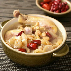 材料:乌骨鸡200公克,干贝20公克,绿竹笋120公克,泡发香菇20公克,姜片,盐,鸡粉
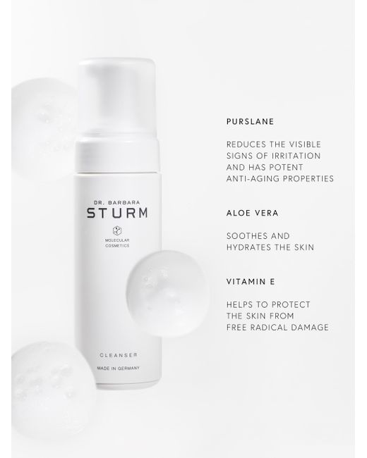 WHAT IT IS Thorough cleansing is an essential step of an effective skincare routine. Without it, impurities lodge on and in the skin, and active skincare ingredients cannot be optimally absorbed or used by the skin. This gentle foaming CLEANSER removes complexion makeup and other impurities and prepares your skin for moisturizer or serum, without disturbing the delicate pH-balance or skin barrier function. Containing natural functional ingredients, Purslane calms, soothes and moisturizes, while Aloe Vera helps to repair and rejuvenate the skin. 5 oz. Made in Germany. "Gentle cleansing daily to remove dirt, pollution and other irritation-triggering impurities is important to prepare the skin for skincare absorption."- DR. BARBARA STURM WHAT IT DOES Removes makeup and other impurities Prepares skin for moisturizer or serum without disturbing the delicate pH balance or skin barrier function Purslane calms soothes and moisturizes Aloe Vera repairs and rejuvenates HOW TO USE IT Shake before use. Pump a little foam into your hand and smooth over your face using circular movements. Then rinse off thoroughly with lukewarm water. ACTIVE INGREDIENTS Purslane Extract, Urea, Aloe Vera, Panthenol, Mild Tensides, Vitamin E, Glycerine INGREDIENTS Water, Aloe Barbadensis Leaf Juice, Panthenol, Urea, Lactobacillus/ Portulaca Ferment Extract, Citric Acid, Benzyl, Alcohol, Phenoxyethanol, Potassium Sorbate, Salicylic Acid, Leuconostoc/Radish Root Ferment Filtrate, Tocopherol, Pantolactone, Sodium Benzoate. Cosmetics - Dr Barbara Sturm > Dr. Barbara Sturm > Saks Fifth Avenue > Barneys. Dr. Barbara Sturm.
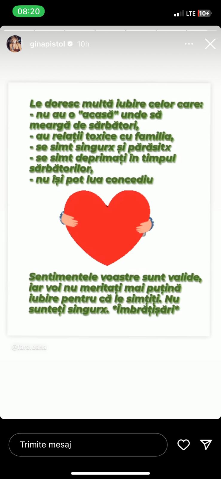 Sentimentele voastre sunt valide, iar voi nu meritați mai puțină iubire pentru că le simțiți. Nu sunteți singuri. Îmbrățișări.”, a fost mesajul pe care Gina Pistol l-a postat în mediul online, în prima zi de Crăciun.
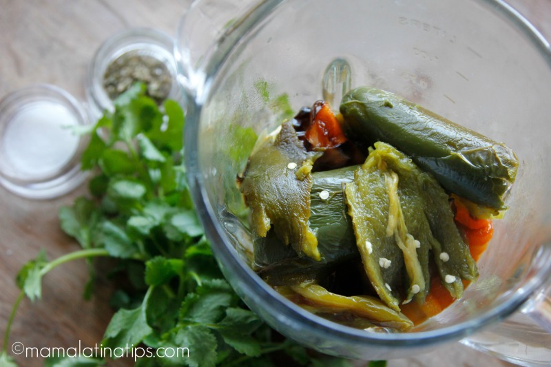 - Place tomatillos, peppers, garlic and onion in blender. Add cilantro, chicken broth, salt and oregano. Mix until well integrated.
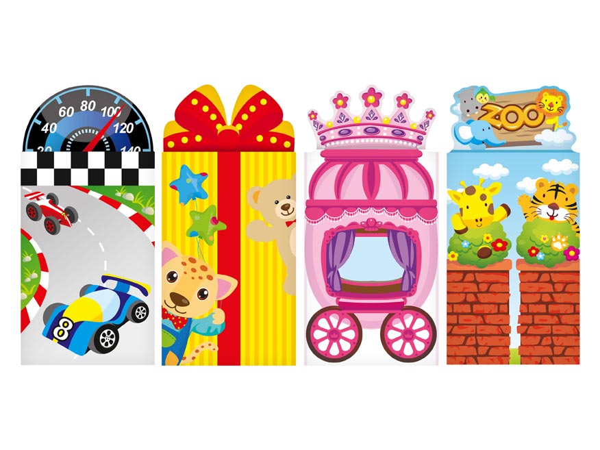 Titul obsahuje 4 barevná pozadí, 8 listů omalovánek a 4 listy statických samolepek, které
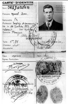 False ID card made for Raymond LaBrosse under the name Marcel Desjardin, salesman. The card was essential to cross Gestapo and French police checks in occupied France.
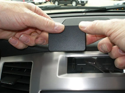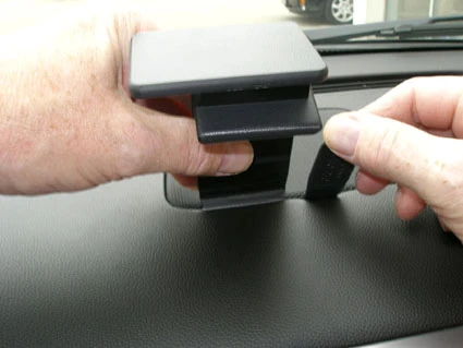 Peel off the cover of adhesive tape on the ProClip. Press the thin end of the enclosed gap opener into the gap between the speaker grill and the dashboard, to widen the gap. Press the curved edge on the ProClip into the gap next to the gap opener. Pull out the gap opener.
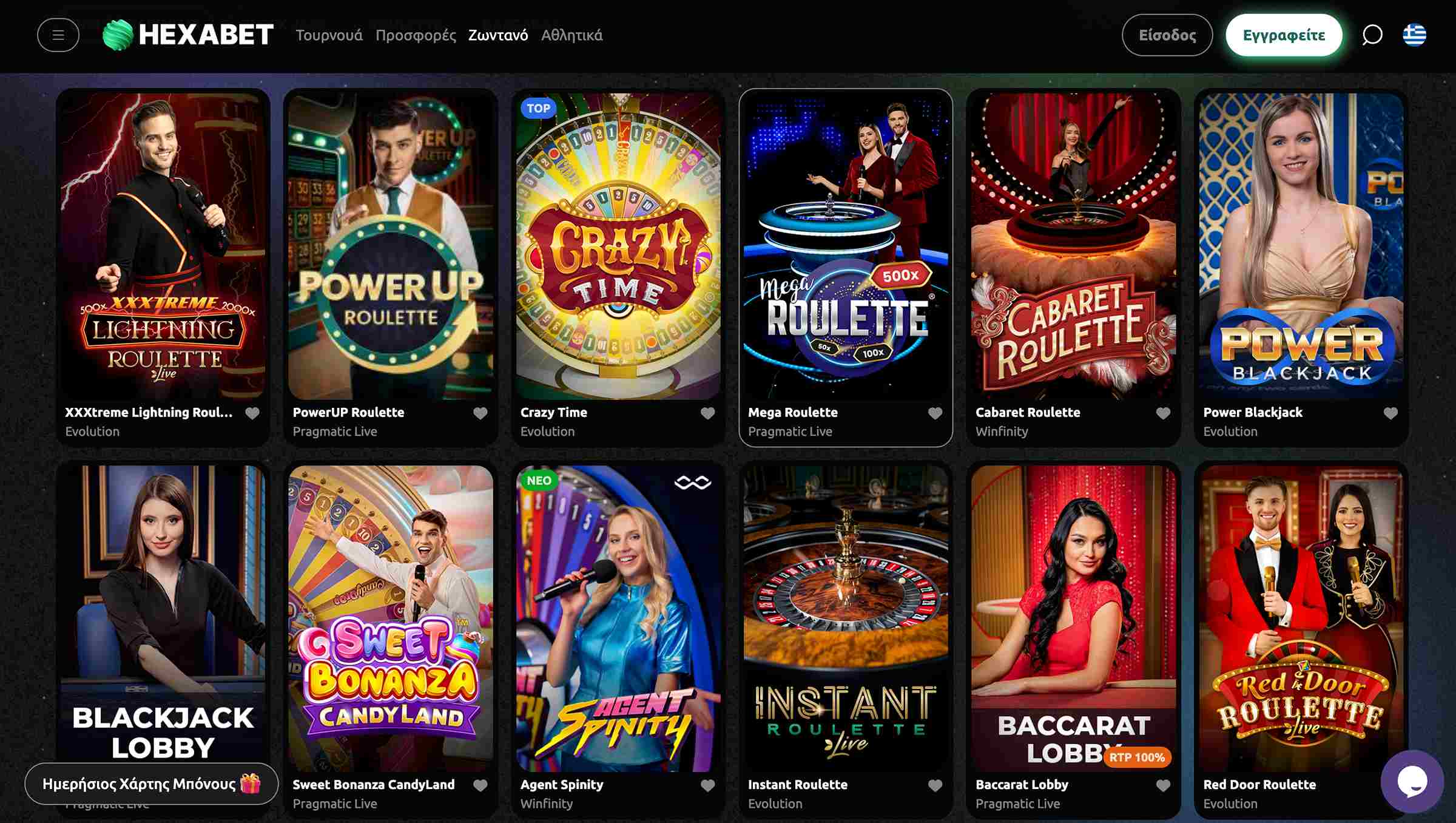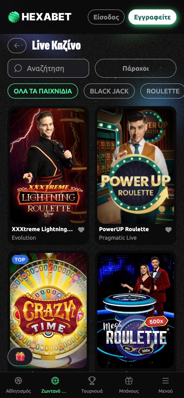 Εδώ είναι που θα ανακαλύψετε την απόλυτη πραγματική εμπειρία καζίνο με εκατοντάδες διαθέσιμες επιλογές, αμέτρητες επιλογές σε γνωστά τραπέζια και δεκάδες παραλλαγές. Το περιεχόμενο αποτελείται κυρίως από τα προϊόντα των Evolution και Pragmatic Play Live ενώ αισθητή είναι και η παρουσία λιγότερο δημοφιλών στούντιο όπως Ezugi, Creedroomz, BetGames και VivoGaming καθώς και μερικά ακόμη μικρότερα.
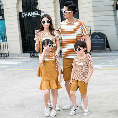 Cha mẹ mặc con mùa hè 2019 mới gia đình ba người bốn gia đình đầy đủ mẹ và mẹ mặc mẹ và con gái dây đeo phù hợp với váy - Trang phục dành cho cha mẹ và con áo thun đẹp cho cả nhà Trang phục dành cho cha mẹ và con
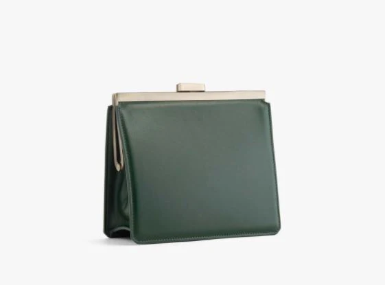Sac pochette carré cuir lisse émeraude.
---
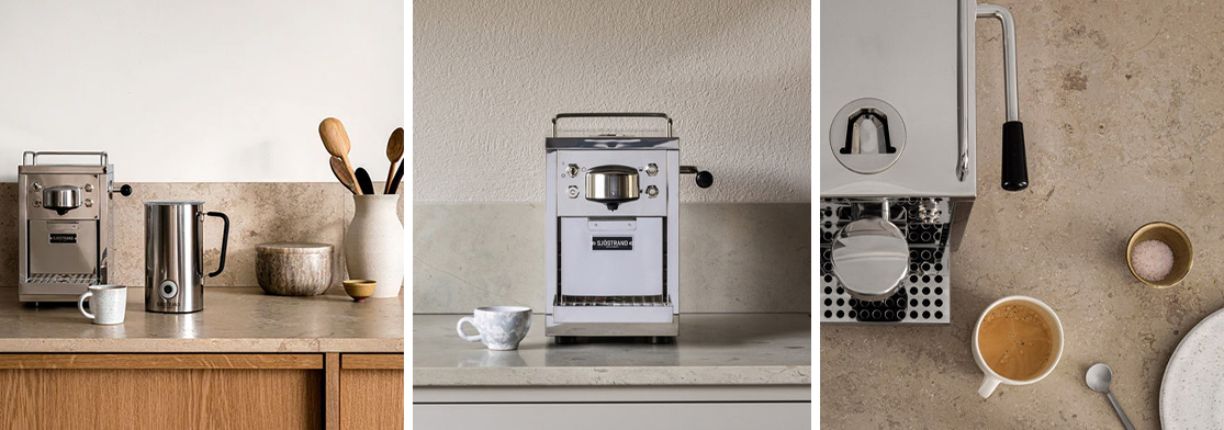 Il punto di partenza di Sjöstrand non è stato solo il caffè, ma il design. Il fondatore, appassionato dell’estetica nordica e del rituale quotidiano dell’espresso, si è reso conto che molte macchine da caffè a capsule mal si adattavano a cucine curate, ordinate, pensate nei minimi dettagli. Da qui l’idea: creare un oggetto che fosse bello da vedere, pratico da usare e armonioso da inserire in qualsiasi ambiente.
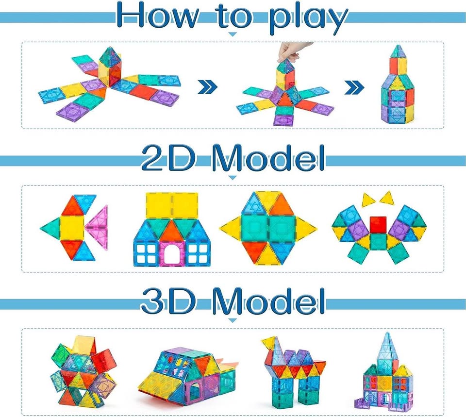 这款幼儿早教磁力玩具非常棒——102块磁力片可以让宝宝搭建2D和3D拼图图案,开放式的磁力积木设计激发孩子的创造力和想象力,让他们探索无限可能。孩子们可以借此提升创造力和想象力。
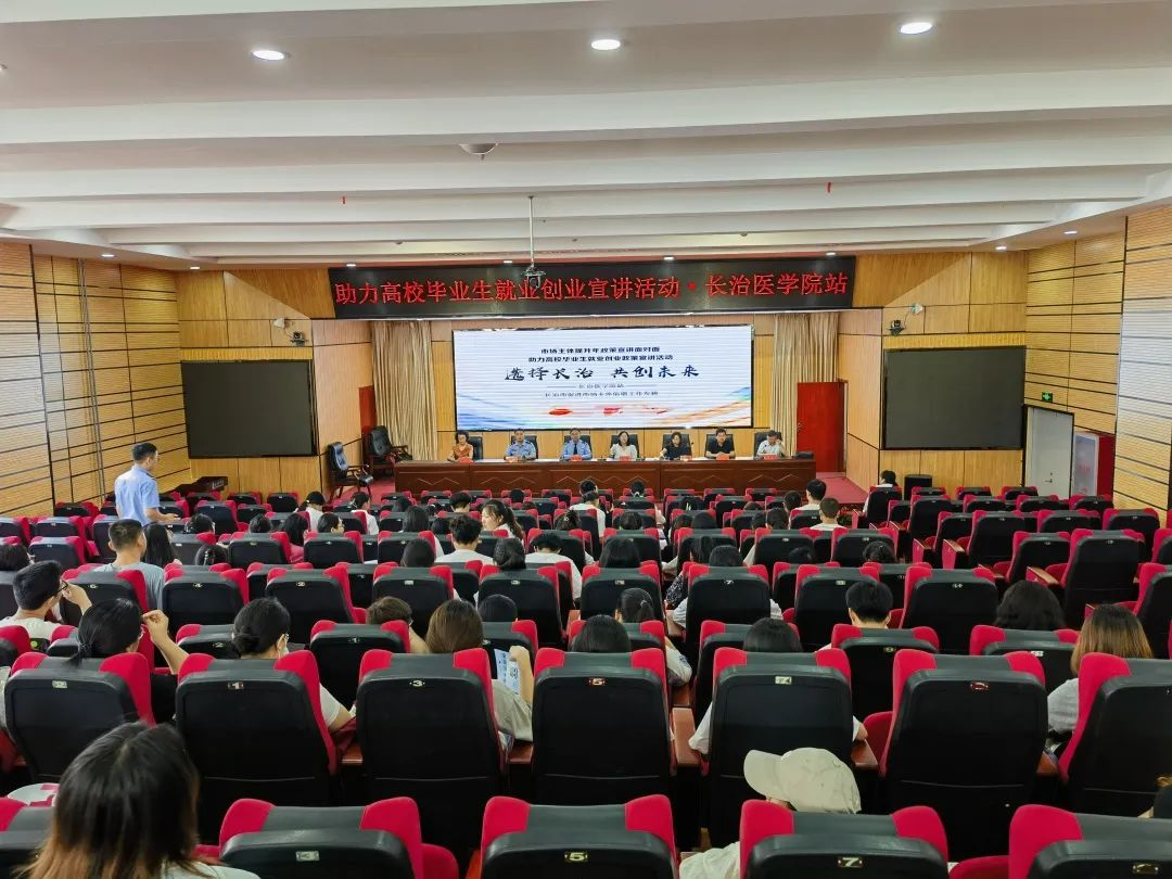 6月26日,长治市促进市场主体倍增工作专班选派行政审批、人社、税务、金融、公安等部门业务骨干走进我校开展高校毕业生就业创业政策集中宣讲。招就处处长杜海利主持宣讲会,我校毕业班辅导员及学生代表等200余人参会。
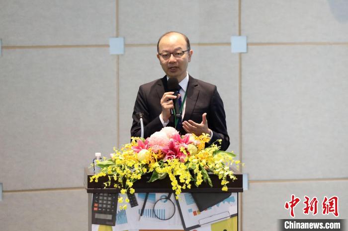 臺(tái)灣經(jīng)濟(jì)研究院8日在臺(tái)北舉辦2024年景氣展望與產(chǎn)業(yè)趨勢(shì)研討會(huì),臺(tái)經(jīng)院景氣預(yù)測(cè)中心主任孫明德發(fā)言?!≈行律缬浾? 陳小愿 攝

- _THE PROBLEM_: Out of the records above, please copy exactly the lines from the line with "Cha mẹ mặc con" up to and including the line with "Sac pochette carré cuir lisse émeraude.", minus the pictures.

- _FINISHED EXERCISE_:
 Cha mẹ mặc con mùa hè 2019 mới gia đình ba người bốn gia đình đầy đủ mẹ và mẹ mặc mẹ và con gái dây đeo phù hợp với váy - Trang phục dành cho cha mẹ và con áo thun đẹp cho cả nhà Trang phục dành cho cha mẹ và con
Sac pochette carré cuir lisse émeraude.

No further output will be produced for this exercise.